Supplied data →

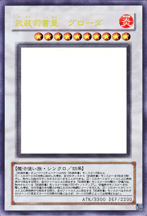 | 「武装司書」チューナー+チューナー以外の「武装司書」モンスター3体以上 ①:このカードのS召喚に成功した場合、自分のデッキから「武装司書」モンスターを3体まで除外し、除外した数だけデッキからドローすることができる。②:このカードがフィールド上に表側表示で存在する限り、自分フィールド上に存在する「武装司書」モンスターの攻撃力・守備力は、除外されている「武装司書」モンスターの数×100ポイントアップし、守備表示モンスターを攻撃した場合、その守備力を攻撃力が超えた分だけ戦闘ダメージを与える。③:このカードがフィールド上に表側表示で存在する限り、自分フィールド上に存在する「武装司書」モンスターはそれぞれ1ターンに1度までカードの効果の対象にならず、カードの効果によっては破壊されない。 | |||
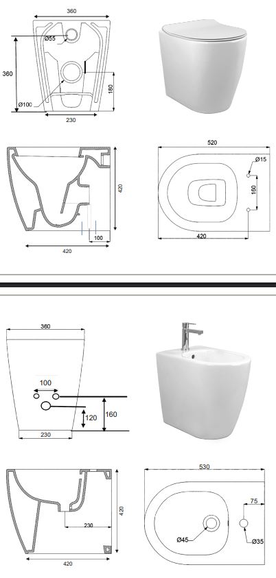 Dimensione 53x36x42 cm per il wc e 53x36x42 cm per il bidet.
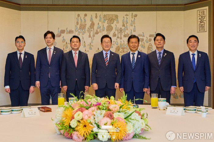 [서울=뉴스핌] 이재명 대통령(가운데)이 8일 서울 용산 대통령실에서 열린 여야 지도부 오찬 회동에서 정청래 더불어민주당 대표(오른쪽 세번째), 장동혁 국민의힘 대표(왼쪽 세번째)와 기념촬영을 하고 있다. [사진=대통령실] 2025.09.08 photo@newspim.com

Problem statement → Only the words belong in your copy: restate the data above exactly and leave the images out.

Solution below →
 | 「武装司書」チューナー+チューナー以外の「武装司書」モンスター3体以上 ①:このカードのS召喚に成功した場合、自分のデッキから「武装司書」モンスターを3体まで除外し、除外した数だけデッキからドローすることができる。②:このカードがフィールド上に表側表示で存在する限り、自分フィールド上に存在する「武装司書」モンスターの攻撃力・守備力は、除外されている「武装司書」モンスターの数×100ポイントアップし、守備表示モンスターを攻撃した場合、その守備力を攻撃力が超えた分だけ戦闘ダメージを与える。③:このカードがフィールド上に表側表示で存在する限り、自分フィールド上に存在する「武装司書」モンスターはそれぞれ1ターンに1度までカードの効果の対象にならず、カードの効果によっては破壊されない。 | |||
 Dimensione 53x36x42 cm per il wc e 53x36x42 cm per il bidet.
 [서울=뉴스핌] 이재명 대통령(가운데)이 8일 서울 용산 대통령실에서 열린 여야 지도부 오찬 회동에서 정청래 더불어민주당 대표(오른쪽 세번째), 장동혁 국민의힘 대표(왼쪽 세번째)와 기념촬영을 하고 있다. [사진=대통령실] 2025.09.08 photo@newspim.com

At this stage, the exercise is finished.